**Stored data:**

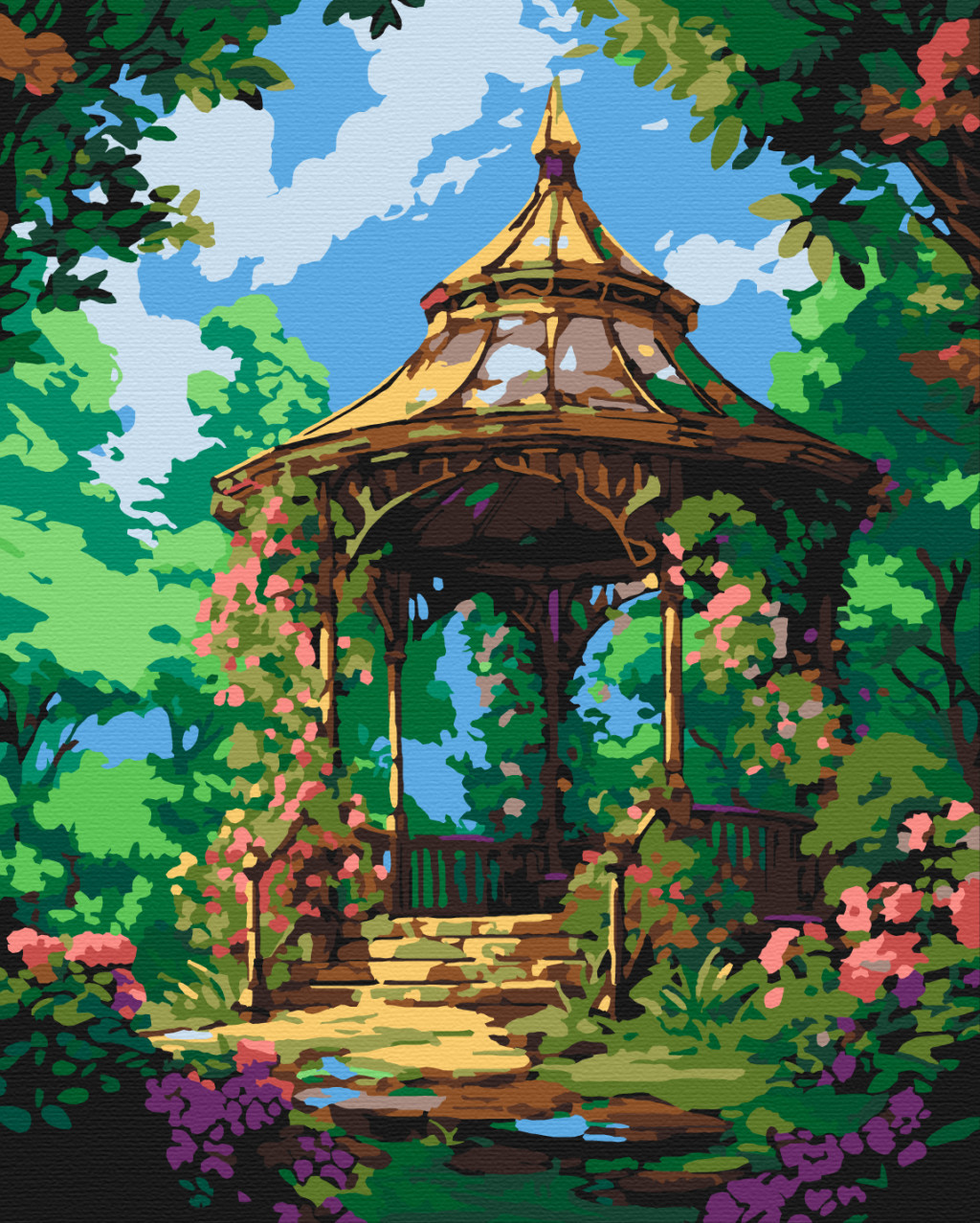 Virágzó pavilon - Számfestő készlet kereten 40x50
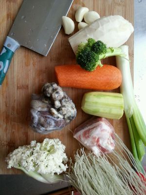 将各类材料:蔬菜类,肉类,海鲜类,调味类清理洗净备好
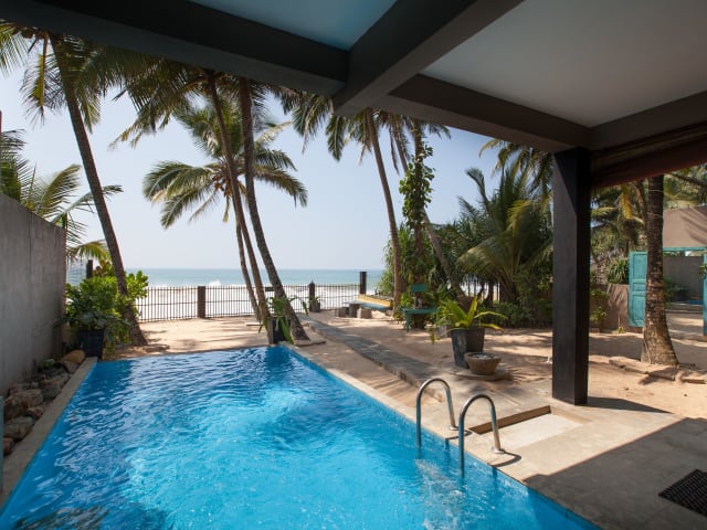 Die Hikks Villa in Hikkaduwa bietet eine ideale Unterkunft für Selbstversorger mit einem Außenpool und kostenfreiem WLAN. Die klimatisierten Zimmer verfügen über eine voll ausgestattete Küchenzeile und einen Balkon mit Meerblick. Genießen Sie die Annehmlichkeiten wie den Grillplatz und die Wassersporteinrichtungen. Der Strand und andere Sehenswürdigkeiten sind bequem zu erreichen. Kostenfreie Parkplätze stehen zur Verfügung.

**Activity:** Copy out the listing above in full and keep the pictures out.

**Result:**
 Virágzó pavilon - Számfestő készlet kereten 40x50
 将各类材料:蔬菜类,肉类,海鲜类,调味类清理洗净备好
 Die Hikks Villa in Hikkaduwa bietet eine ideale Unterkunft für Selbstversorger mit einem Außenpool und kostenfreiem WLAN. Die klimatisierten Zimmer verfügen über eine voll ausgestattete Küchenzeile und einen Balkon mit Meerblick. Genießen Sie die Annehmlichkeiten wie den Grillplatz und die Wassersporteinrichtungen. Der Strand und andere Sehenswürdigkeiten sind bequem zu erreichen. Kostenfreie Parkplätze stehen zur Verfügung.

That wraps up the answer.